Please give the whole listing again exactly, without any of its pictures.

■ Data shown
===============

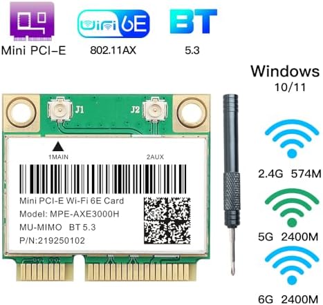 WiFi 6E Half Mini PCI-E WiFi Network Card 802.11AX AC MPE-AXE3000H 2.4GHz 5GHz 6GHz 5400Mbps Wireless Card BT5.2 MU-MIMO Mini PCIe Wi-Fi 6E Adapter OFDMA vPro for Windows 10/11 PC Laptops
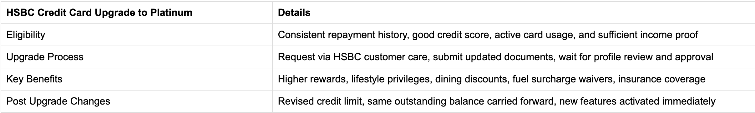 I have an HSBC credit card and was wondering how the upgrade process to HSBC Platinum works in India. What are the steps, eligibility, and benefits involved?
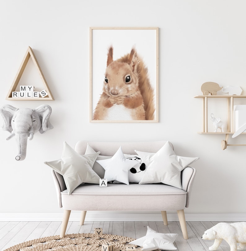 Our squirrel poster for children's rooms and baby rooms as wall decoration.
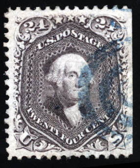 1862, 24¢ red lilac (Scott 70), well centered with good color, blue target cancel; natural s.e. at right, Extremely Fine.

===============

■ Worked solution
 WiFi 6E Half Mini PCI-E WiFi Network Card 802.11AX AC MPE-AXE3000H 2.4GHz 5GHz 6GHz 5400Mbps Wireless Card BT5.2 MU-MIMO Mini PCIe Wi-Fi 6E Adapter OFDMA vPro for Windows 10/11 PC Laptops
 I have an HSBC credit card and was wondering how the upgrade process to HSBC Platinum works in India. What are the steps, eligibility, and benefits involved?
 Our squirrel poster for children's rooms and baby rooms as wall decoration.
 1862, 24¢ red lilac (Scott 70), well centered with good color, blue target cancel; natural s.e. at right, Extremely Fine.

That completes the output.